很大程度上取决于问题的规模。如果您的XSD在不同情况下有类似标签,例如然而你接收到的则需要一个基于节点计数等的复杂解决方案。

If you are purely stuck with clients using random cases against an XSD only containing lower case tags then you should be able to parse the files and convert all tags to lower case in one go. This is assuming the content between the tags is multi-case and you can't just convert the full document.

如果您完全坚持使用针对仅包含小写标签的XSD的随机案例,那么您应该能够解析文件并将所有标签一次性转换为小写。这假设标签之间的内容是多个案例,您不能只转换整个文档。

How you do this depends on the mechanics of your situation. Obviously it will be easier to get the clients to error check their own submissions. If this isn't practical then you'll need to identify a window of opportunity in the process which will allow you to convert the file to the correct format before errors are encountered.

你如何做到这一点取决于你的情况的机制。显然,让客户错误检查他们自己的提交会更容易。如果这不实用,那么您需要在流程中确定一个机会窗口,这样您就可以在遇到错误之前将文件转换为正确的格式。

There are far too many ways to go about this to discuss here. It mainly depends on the skill-sets or finance available to you.

这里有很多方法可以讨论这个问题。它主要取决于您可以使用的技能或财务。

#2


1  

XPath/ Xslt processors are case sensitive. They can't select a node/ attribute if you specify the wrong case.

XPath / Xslt处理器区分大小写。如果指定了错误的大小写,则无法选择节点/属性。

In case you want to output the node name and want it to be in upper case, you can do:

如果您想输出节点名称并希望它是大写的,您可以执行以下操作:

upper-case(local-name())

#3


1  

As @Melkisadek said, the XSD validation exists for a purpose. If you allow users to upload files with invalid XML, your application is bound to fail at some point when the data within those files is accessed. Furthermore, the whole purpose of having an XSD validate the input XML schema is defeated. If you are willing to forego the whole schema validation feature, then you would need to use an XSLT to convert all tags to Uppercase or Lowercase as you desire (see @Rashmi's answer).

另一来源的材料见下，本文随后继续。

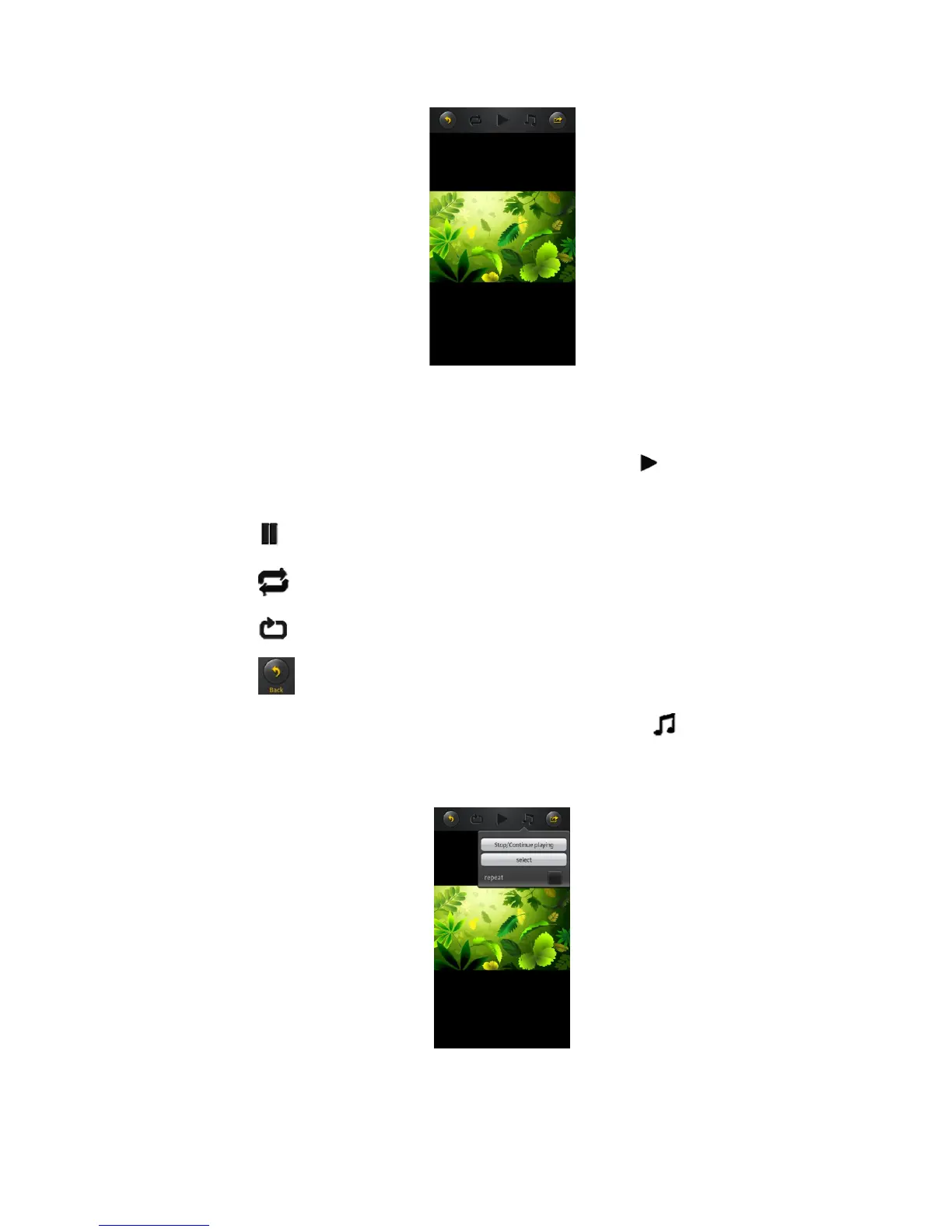 Click the button to stop the slideshow from playing and press again to continue playing.

正如@Melkisadek所说,XSD验证存在于一个目的。如果允许用户上载包含无效XML的文件,则在访问这些文件中的数据时,您的应用程序必然会失败。此外,使用XSD验证输入XML模式的整个目的都被打败了。如果您愿意放弃整个模式验证功能,那么您需要使用XSLT将所有标记转换为大写或小写(请参阅@ Rashmi的答案)。

It would be analogous to allowing a user to input special characters in a Social Security Number entry field, just because the user is more comfortable entering special characters (Yes, this example is silly, couldn't think of a better one!)

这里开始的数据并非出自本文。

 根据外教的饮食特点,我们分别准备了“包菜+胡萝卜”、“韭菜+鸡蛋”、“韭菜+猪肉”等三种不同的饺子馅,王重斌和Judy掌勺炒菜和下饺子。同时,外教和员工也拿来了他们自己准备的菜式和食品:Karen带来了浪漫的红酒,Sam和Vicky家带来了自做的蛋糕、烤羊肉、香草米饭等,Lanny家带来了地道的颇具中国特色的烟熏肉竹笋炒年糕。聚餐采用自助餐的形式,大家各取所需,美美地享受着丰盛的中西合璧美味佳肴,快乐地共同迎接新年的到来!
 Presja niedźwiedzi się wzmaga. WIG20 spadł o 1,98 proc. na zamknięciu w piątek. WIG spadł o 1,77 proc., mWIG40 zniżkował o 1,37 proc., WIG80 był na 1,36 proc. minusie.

这类似于允许用户在社会安全号码输入字段中输入特殊字符,仅仅因为用户更容易输入特殊字符(是的,这个例子很傻,想不到更好的字符!)

Therefore, in my mind, the solution lies in keeping the schema validation as-is, but providing users a way to validate the schema before uploading. For instance, if this is Web app, you could provide a button on the page which uses Javascript to validate the file against your schema. Alternatively, validate on the server only when the file is uploaded. In both cases, provide appropriate feedback such as the line number on which the errant entities lie, the character position, and reason for flagging an error.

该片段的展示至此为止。